[INFORMATION SUPPLIED]
■ ■ ■ ■
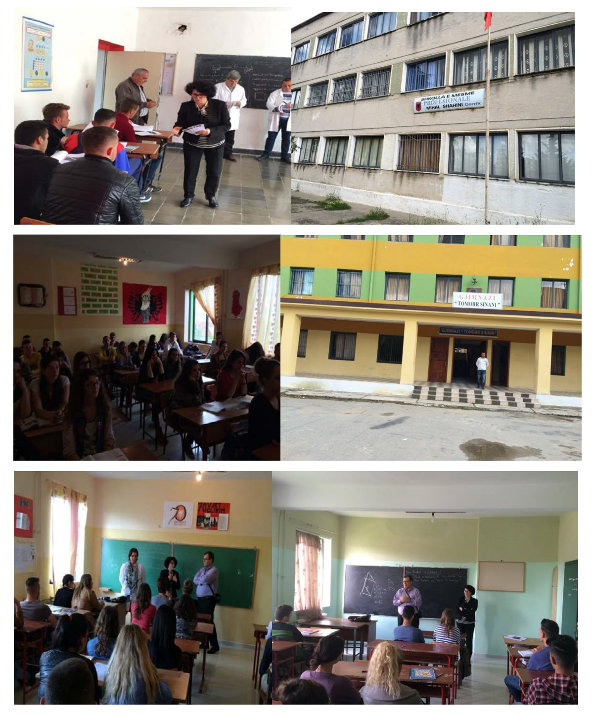
Figure 7: Lectures in professional and general high school of Shkumbini's region
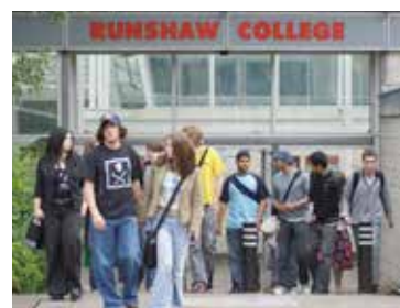
➤ The old student entrance was remodelled and modernised in 2010.
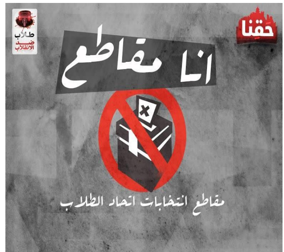
Flyer published by students supporting the Muslim Brotherhood, calling for a boycott of the Student Union elections in Egypt

The Egyptian Students' Union is an umbrella organization of all government and private universities. It was founded in 2011, after the overthrow of President Mubarak. However, when President Mohamed Morsi was removed from office in July 2013, the union's elections were frozen. The freeze was initiated by allies of the new president, Abd al-Fattah al-Sisi, who sought to "cleanse" the universities of groups affiliated with the Muslim Brotherhood, which had been declared a terrorist organization. Two-and-a-half years later, in November 2015, the union's elections were resumed. However voter turnout was low, with only 30% of the students in Egypt participating. A likely contributing factor, among others, was a campaign waged on SNS by students who support the Muslim Brotherhood; they called for a boycott of the elections under the slogan "Our right" ( haqqna ), protesting the military coup of al-Sisi and the subsequent suppression of individual freedom in Egypt. 1
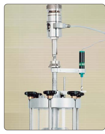
82-P0334 fitted to the triaxial cell by the 28-T1048 mounting bracket and 82-P0370/T load cell fitted to the frame by the spherical attachment

Note. They are connected to the triaxial cell by the accessory 28-T1048.
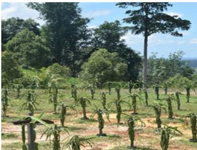
Basel Garden complex

We enjoyed our three weeks, meeting the clients and their families, as well as the many volunteers from the Handprints programs which cover a toy library, the 'I'm Able' baking program and a café. We were stunned by the beauty of the scenery around the Basel Garden, it resembled a more tropical version of our own South Burnett landscape.
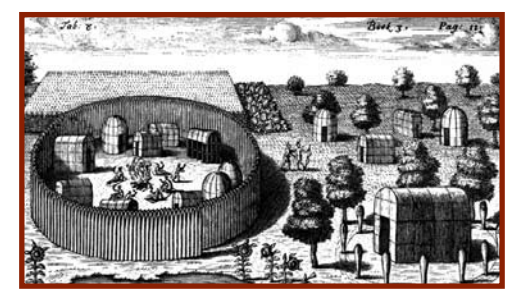
Indian village, from Robert Beverley's The History and Present State of Virginia

may also have been placed in small houses in the middle of fields to act as 'scarecrows' to keep the crows and other animals from eating the corn crop. Everything they used came from their environment. Both men and women painted their bodies, using paints from oils, bloodroot and animal fats. They rubbed themselves with bear fat to repel mosquitoes and to keep them warm during the cold months. Women pierced their skin to make tattoos of various animal and floral designs. As a mark of wealth and status, the Powhatans wore necklaces and ear ornaments made from materials such as shells, copper and freshwater pearls. In the winter, they wore deerskin with the fur toward
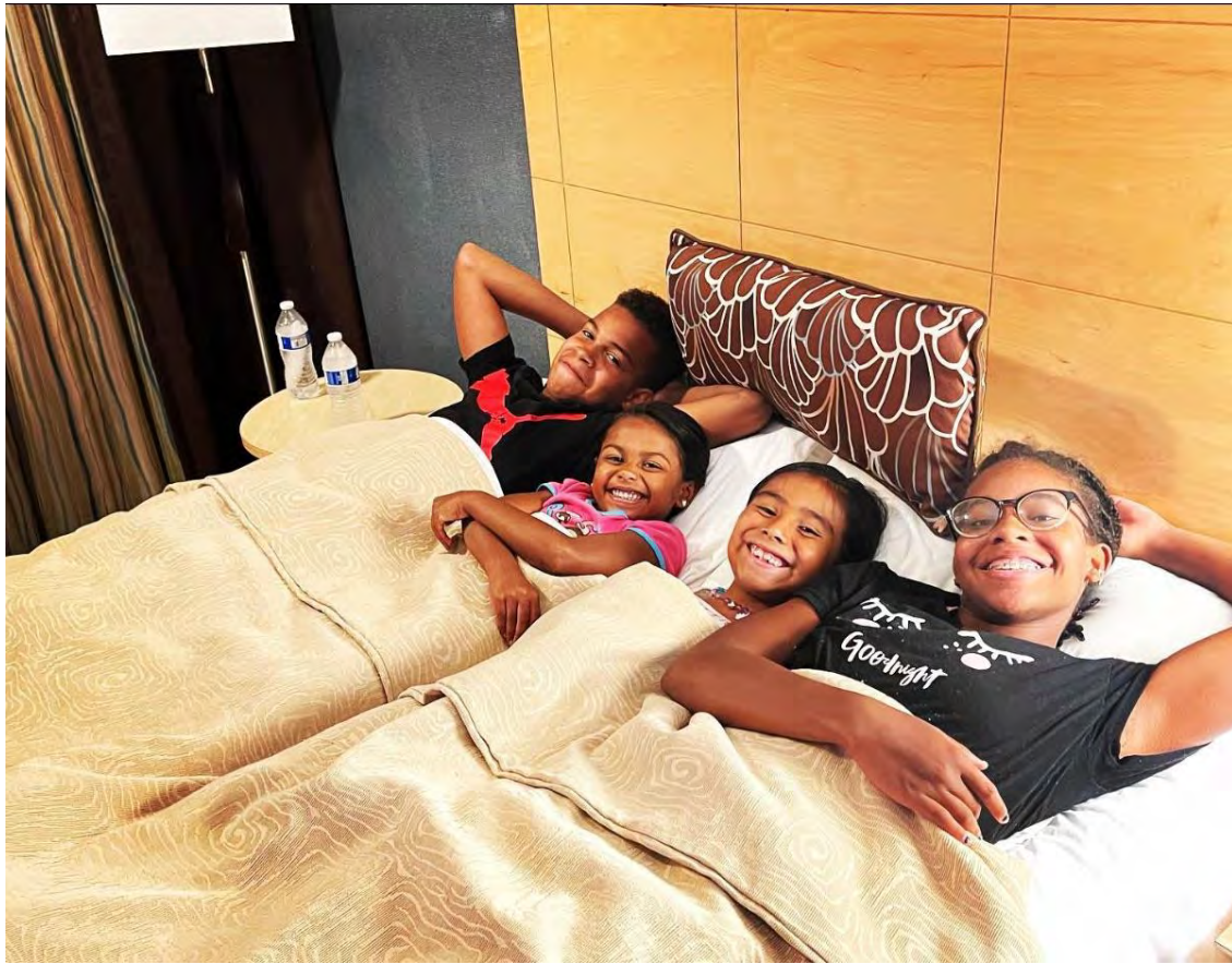
I love my family! A few weeks ago, we took a long weekend and went to San Diego.
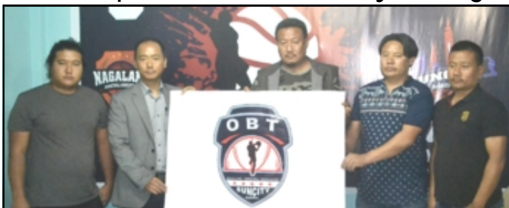
April 29, 2017 nü 9buba Basketball asayamung nung Convener Teisozhavi Theünuo aser Co-convener Medozhatuo Rutsa na den Suncity ketdangsertemi asayamung indang official logo amer tangokba noksa yangi angur.
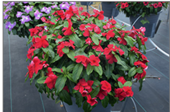
Titan Dark Red Vinca in bloom

Titan Dark Red Vinca will grow to be about 14 inches tall at maturity, with a spread of 12 inches. Its foliage tends to remain dense right to the ground, not requiring facer plants in front. Although it's not a true annual, this fast-growing plant can be expected to behave as an annual in our climate if left outdoors over the winter, usually needing replacement the following year. As such, gardeners should take into consideration that it will perform differently than it would in its native habitat.
■ ■ ■ ■
[PROBLEM TO WORK ON]
Pictures are to be left out. Write out only the lines above starting at the one with "Basel Garden complex" and ending at the one with "Titan Dark Red Vinca in bloom", both lines included, exactly.

[RESPONSE]
Basel Garden complex

We enjoyed our three weeks, meeting the clients and their families, as well as the many volunteers from the Handprints programs which cover a toy library, the 'I'm Able' baking program and a café. We were stunned by the beauty of the scenery around the Basel Garden, it resembled a more tropical version of our own South Burnett landscape.
Indian village, from Robert Beverley's The History and Present State of Virginia

may also have been placed in small houses in the middle of fields to act as 'scarecrows' to keep the crows and other animals from eating the corn crop. Everything they used came from their environment. Both men and women painted their bodies, using paints from oils, bloodroot and animal fats. They rubbed themselves with bear fat to repel mosquitoes and to keep them warm during the cold months. Women pierced their skin to make tattoos of various animal and floral designs. As a mark of wealth and status, the Powhatans wore necklaces and ear ornaments made from materials such as shells, copper and freshwater pearls. In the winter, they wore deerskin with the fur toward
I love my family! A few weeks ago, we took a long weekend and went to San Diego.
April 29, 2017 nü 9buba Basketball asayamung nung Convener Teisozhavi Theünuo aser Co-convener Medozhatuo Rutsa na den Suncity ketdangsertemi asayamung indang official logo amer tangokba noksa yangi angur.
Titan Dark Red Vinca in bloom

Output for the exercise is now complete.